Поэтому принцип ненанесения вреда тесно связан с принципом «делай добро».
1.2. Принцип «делай добро»
Добро — это основная моральная ценность, нравственная ценность сама по себе. Добро не является ни «добром по отношению к чему-то» (ошибка утилитаризма), ни «добром для кого-нибудь» (ошибка эвдемонизма). Оно не есть, как это иногда упоминают в теории права, «высшее благо». Другими словами, добро не есть нечто компаративное, оно суть простая позитивность. Человек поэтому (впрочем, как и государство, народ, любая социальная группа) не является ни добрым, ни злым, его этическая сущность состоит, скорее, в том, чтобы быть одинаково способным на добро и зло. Если бы это было не так, отпала бы необходимость в праве.
Как писал Н. Гартман: «Добро — это не идеальное бытие ценностей или их понятия, также не просто реальное существование ценного, а единственно телеология ценностей (зло — телеология малоценного) в реальном мире» (Hartmann N.,1949). Телеология сама по себе (т. е. способность делать целью и реализовать, осуществлять то, что не является реально существующим, например, цености) уже ценна. Соответственно, наиболее ценной является иерархия ценностей — т. е. обоснование бытия добра на ценностях, этически индифферентных самих по себе. Следовательно, добром или злом являются лишь действия человека, группы, государства, но не они сами.
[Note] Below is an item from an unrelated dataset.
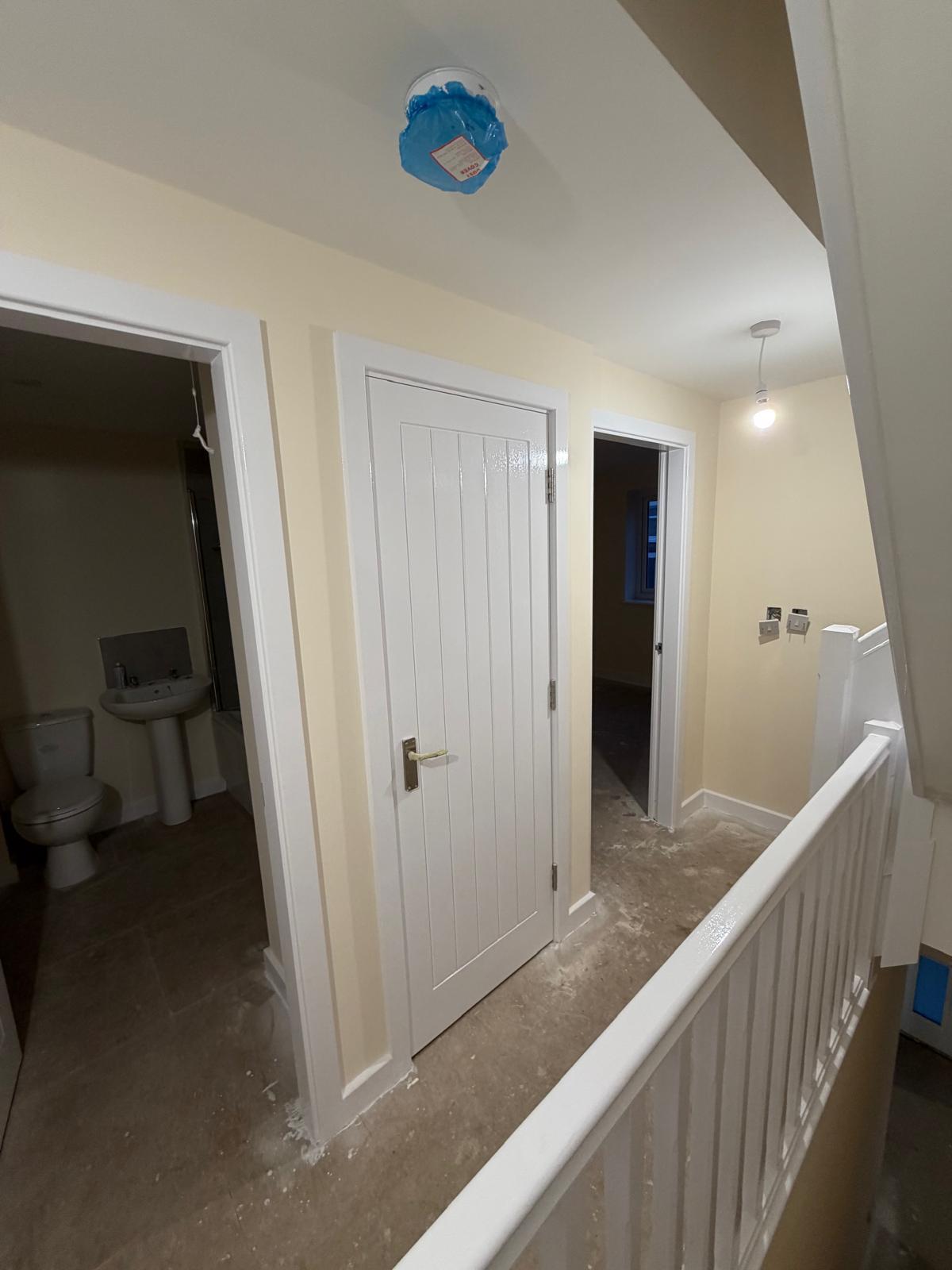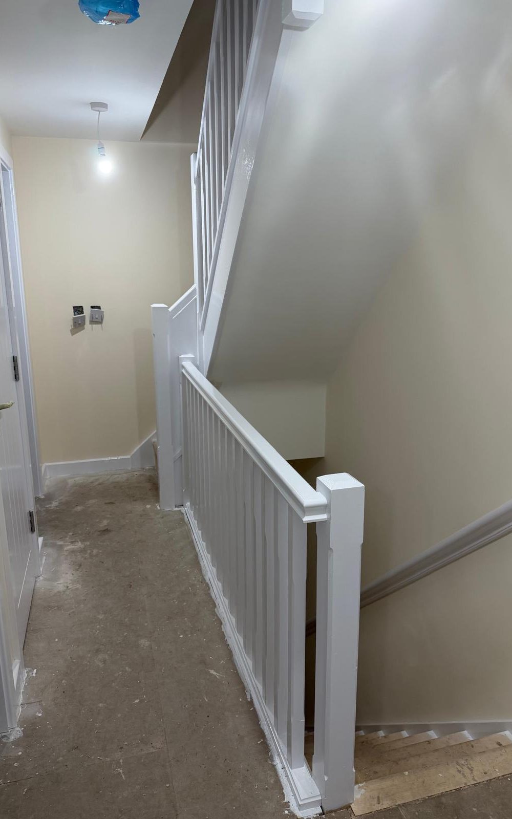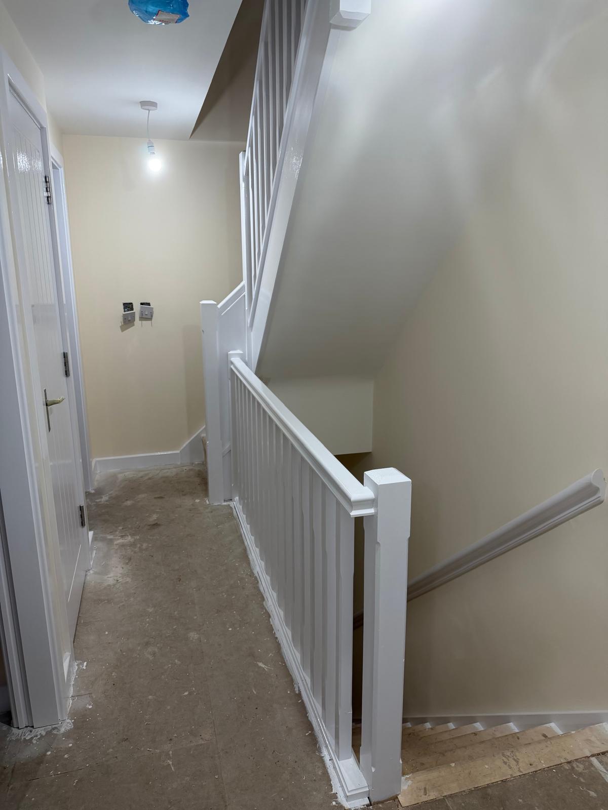 Our scope of works includes matt emulsion to ceilings and walls, applied by spray, roller and brush to achieve a smooth, contemporary finish, complemented by high-quality gloss coatings to all woodwork for a durable, refined result.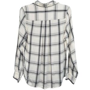 Tart Plaid Button Down Shirt M Gray White Hi-Low Blouse

Строго говоря, добро не есть ценность права. Отношение к ценностям в праве вообще противоречиво. Среди эмпириков, опирающихся на факты и не лишенных некоторого цинизма, распространен взгляд, что ценности представляют собой фикцию, метафизику, от которых реально мыслящему юристу следует абстрагироваться. Нередко выдвигается мысль о субъективной, пристрастной основе всяких ценностей. Профессора Лондонской школы экономики и политической науки П. Данливи и Б. О' Лири пишут: «На уровне ценностей пространная рациональная дискуссия между людьми, придержи-
вающимися разных взглядов, может оказаться невозможной. Ценности выражают убеждения и предпочтения, которые не покоятся на эмпирической основе» (Dunleavy P., O'Leary В., 1987. Р. 337). С этим трудно спорить, потому что всякая ценность представляет собой (или выдается за) изначальный, высший принцип, и именно поэтому найти для него абсолютно убедительную рациональную аргументацию достаточно сложно, если вообще возможно. С помощью ценностей обосновываются решения разного рода более или менее конкретных проблем. Как справедливо отметил другой профессор Лондонской школы экономики и политической науки Питер Селф, «методология все еще связана с суждениями о ценностях» (Self P., 1985. Р. 9). Иными словами, подход к юриспруденции и к любой другой общественной науке определяется положенными в ее основу ценностями. Так было всегда. «Собирающемуся представить надлежащее исследование о наилучшем государственном строе необходимо прежде всего установить, какая жизнь заслуживает наибольшего предпочтения», — писал Аристотель (Аристотель, 1997. С. 219).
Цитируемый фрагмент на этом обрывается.